Although the optimum operation of the illustrated device was realized with an operating pressure of from 2 to 4 p.s.i.g., it is stressed that higher operating pressures may be used when particular care is taken to smooth blood-contacting surfaces in such a way as to avoid excessive mechanical shear on the formed elements of the blood. For example, a stream-lined or smooth-surfaced wall 49 with gently rounded corners of aperture 34 is advantageous in this respect. In general, however, a low-pressure process is most desirable for use in emergency blood-donation procedures.
Another embodiment of the apparatus is disclosed in FIG. 3. In this apparatus, which is most useful in analytical work, a hypodermic syringe 50 has been utilized to withdraw a blood sample from a patient.

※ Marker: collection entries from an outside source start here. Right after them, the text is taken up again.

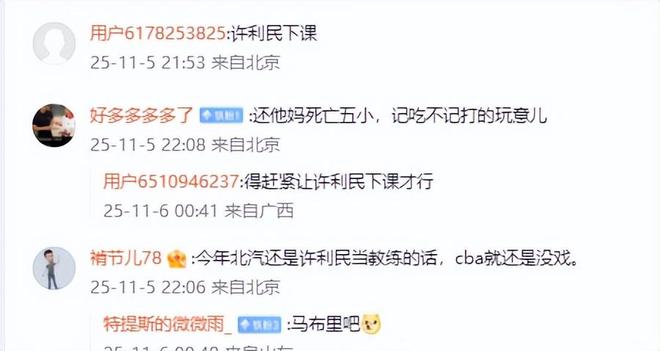 许利民在联赛犯的错误依然没有得到改正,在联赛也是先赢后输,胡乱换人,遭逆转屡屡出现,赛后言论更是奇葩,输了却说是赢了,还有计划内输球等谬论,为自己的无能找各种借口。球迷也是怒了,他们批评“又是熟悉的味道,哪个状态好就是换下去”、“明知道天津没内线,就时德帅一个,给他强度啊!”球迷认为北京队最大的短板应该是教练,并呼吁“得赶紧让许利民下课才行”、“今年北汽还是许利民当教练的话,cba就还是没戏”。诸位,你对许利民的糟糕指挥,有何评论?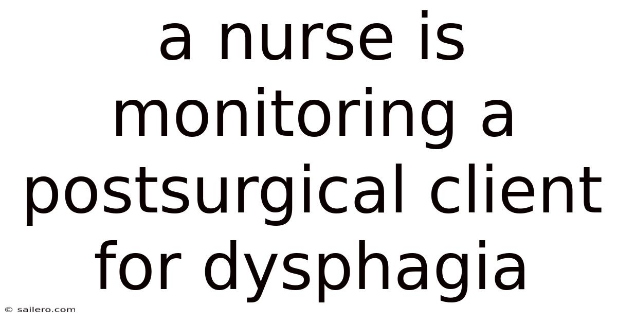 Proper positioning is a non-negotiable intervention. When a nurse is monitoring a postsurgical client for dysphagia, they must ensure the patient is positioned correctly during and after meals Turns out it matters..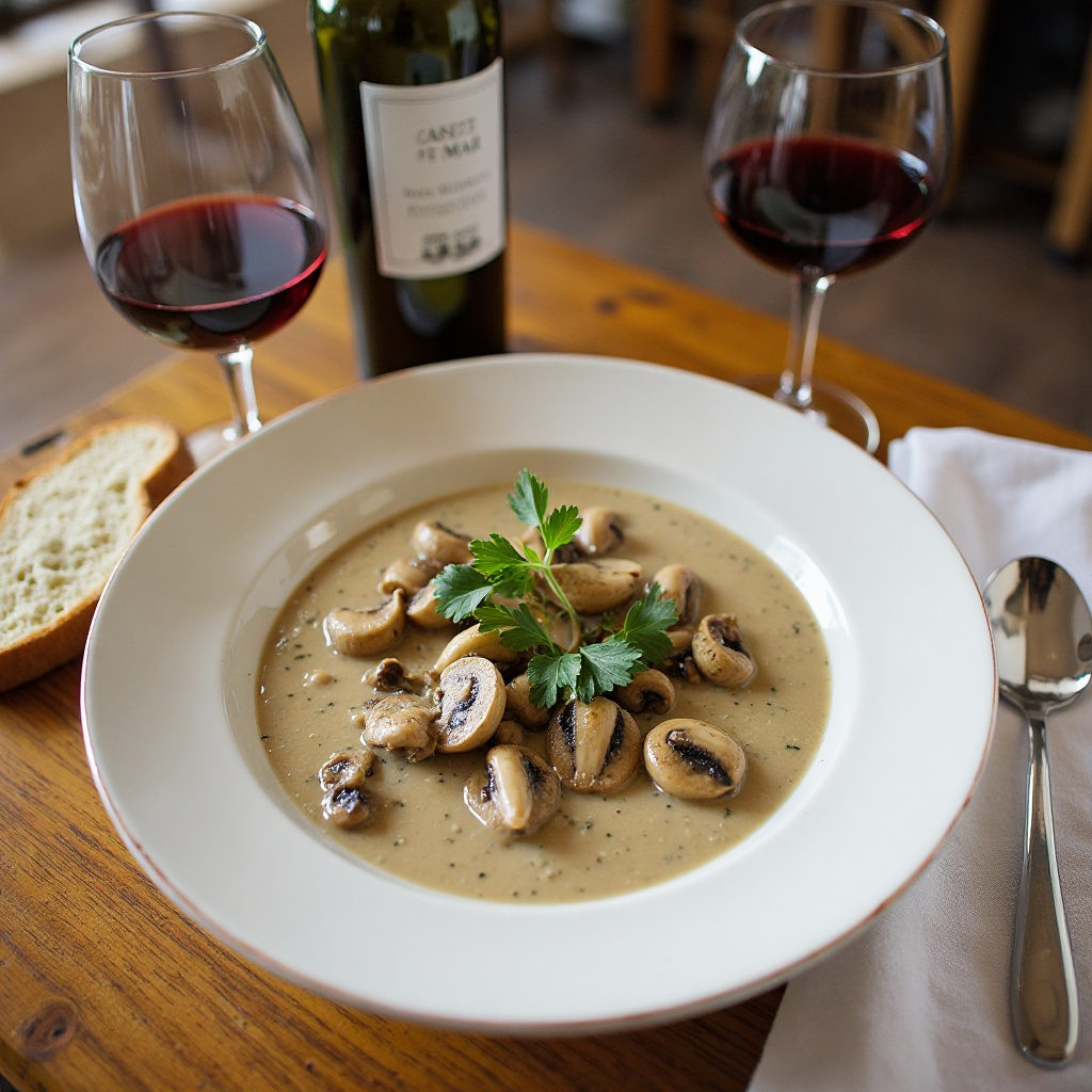 La región vitivinícola de Canet de Mar en España, conocida por sus vinos tintos robustos y frescos, es el punto de partida para este plato refinado. La combinación de champiñones con los vinos locales crea un sabor complejo y umami que realza la receta de crema clásica. Ideal para una cena elegante o para impresionar a tus invitados.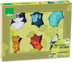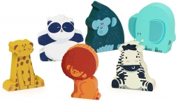 Drewniane figurki są solidne, idealne do dziecięcych rąk i zapewniają zabawę bez ekranów, z naciskiem na samodzielne odkrywanie. Figurki są przechowywane w pięknym drewnianym pudełku z motywami natury i prześwitami, które wprowadzą odrobinę dzikiej przyrody prosto do pokoju dziecięcego. Zestaw zawiera: 6 figurek – lew, panda, goryl, słoń, zebra i pantera.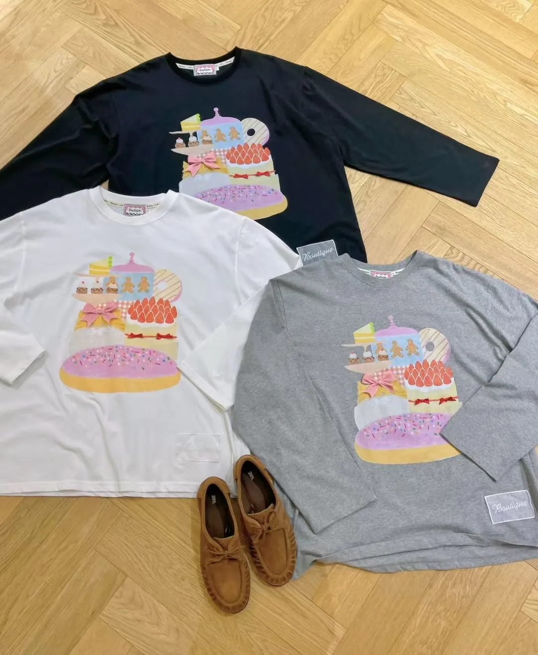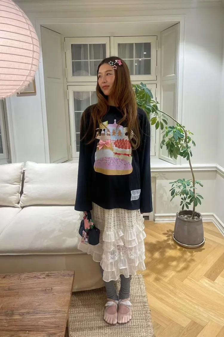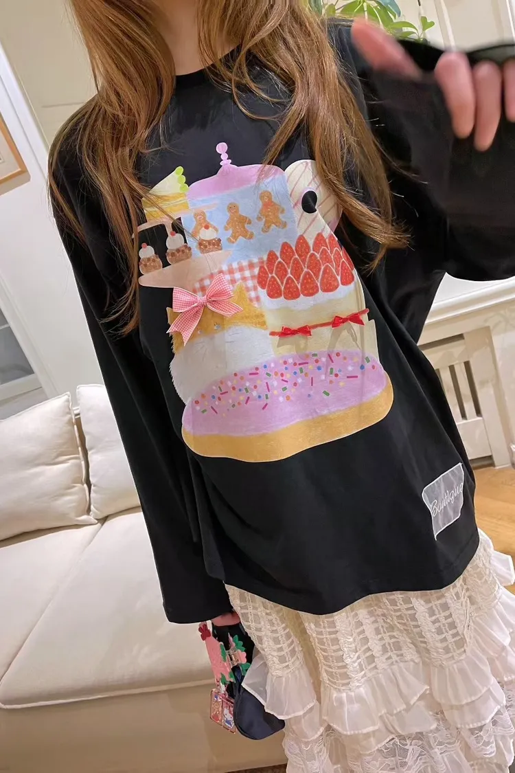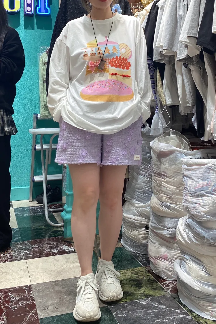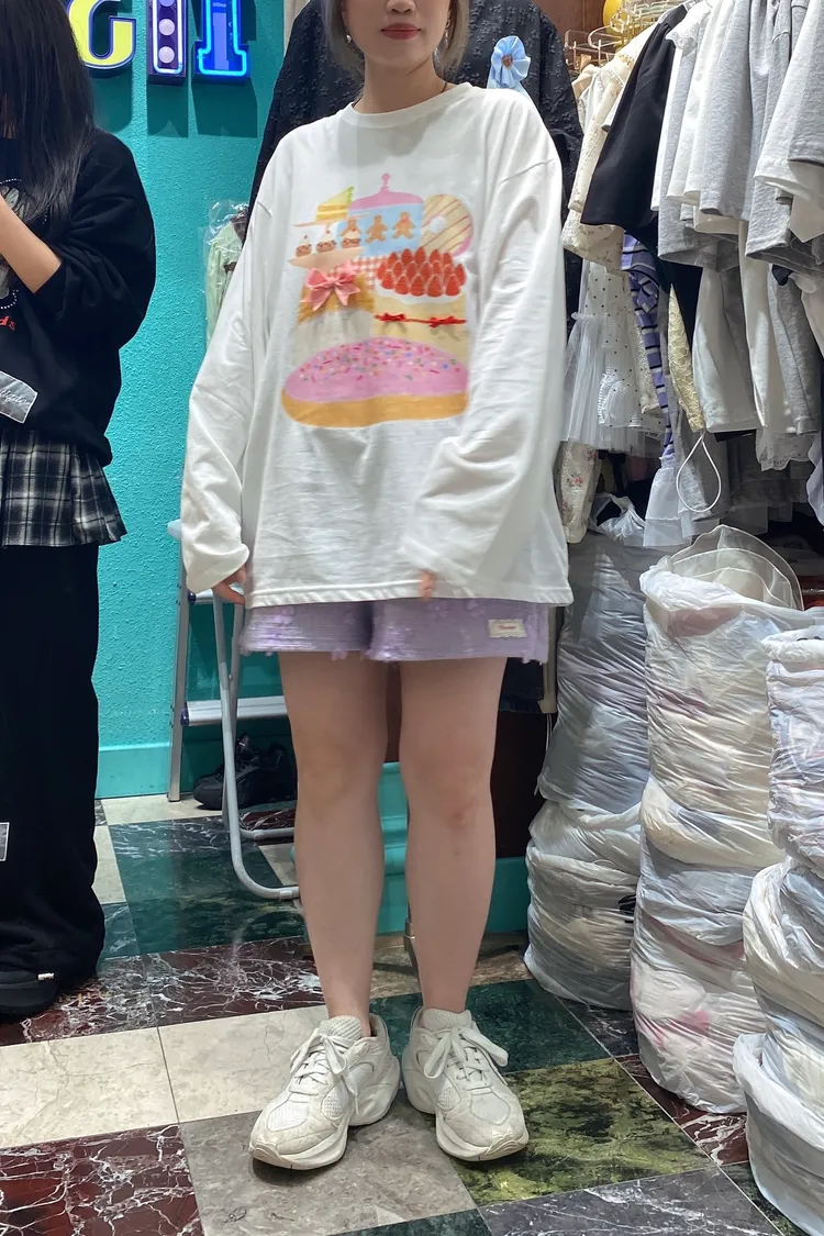 薄棉料材質、落肩寬鬆蓋臀版型,S-XL妞都 衣服上印的圖案就像進入少女的童趣下午茶時光 滿滿可愛甜點小物陪伴,讓人看了心情都好好~ 再搭配立體蝴蝶結緞帶裝飾,更添俏皮小巧思🎀 怎麼穿都超夢幻,讓日常也能像派對一樣繽紛

The needle (not shown) of the syringe is then removed and the syringe is attached, by means of a fastening means 52, such as Luer lock 54, to filtration cell 56. Filtration cell 56 comprises a top retaining plate 58, filtration membrane 60, a sintered porous polyethylene support disk 62, and a bottom retaining plate 64.
Retaining plate 58 comprises a spiral ridge forming a shallow flow path 66 having a depth of 6 mils, a width of 0.5 cm. and a length of 70 cm. between inlet port 68 and outlet port 70. Retaining plate 64 comprises a filtration outlet port 71.

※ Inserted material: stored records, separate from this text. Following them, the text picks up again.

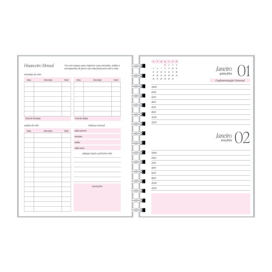 A agenda 2026 contém 226 páginas na versão datada.
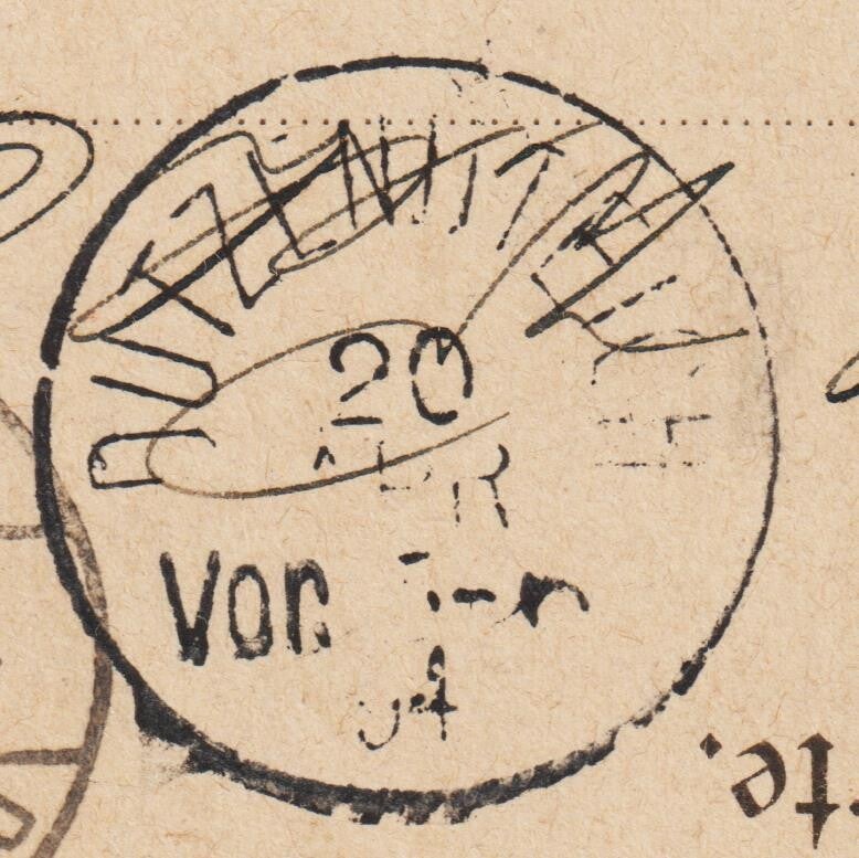 MiNr. 39 auf Postkarte mit Zudruck der Firma “Stöck & Fischer” aus Bingenbrück a. Rhein, perfins Firmenlochung S&F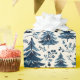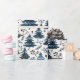 Vibrant patterns of dark blue Christmas trees and delicate white accents create a festive atmosphere, perfect for wrapping holiday gifts and celebrating winter's beauty during the season.

In order to achieve the most reproducible filtration results, it has been found more desirable to provide the above-described apparatus with a positive pressure control means rather than to rely upon the manual pressure exerted by a number of different operators. Therefore, a spring means 72 is mounted, at one end 74 thereof, on projecting outlet port 70. The other end 76 of the spring is adapted to press on plunger 78 of the hypodermic syringe 50. When spring means 72 is so mounted as to rest on plunger 78, a controlled amount of pressure, about 2.5 p.s.i., is generated for filtering the blood. Another advantage is that one operator can utilize a number of these devices at a single time since they do not require close attention during the filtration operation.
FIG. 4 shows a schematic diagram showing the analytical device of FIG. 3 in operation. A plasma fraction of the blood is being collected in vessel 82 while the other blood components are being collected in vessel 80.
Using the cellulosic ester membrane described above, less than 0.1% hemolysis was observed, and the plasma obtained was not detectably different from that obtained by conventional centrifugation. From a 10 ml. sample of fresh blood of normal hematocrit, there was obtained, in a filtering time of 15 to 20 minutes, approximately 3.0 to 3.4 ml. of plasma. Similar results were obtained using under the same conditions a polycarbonate membrane 1-10 mils thick) having a pore size of 0.5±0.06 microns available under the trademark Nuclepore from the General Electric Company.
Various other advantages and modifications will be apparent to those skilled in the art and fall within the scope of the appended claims.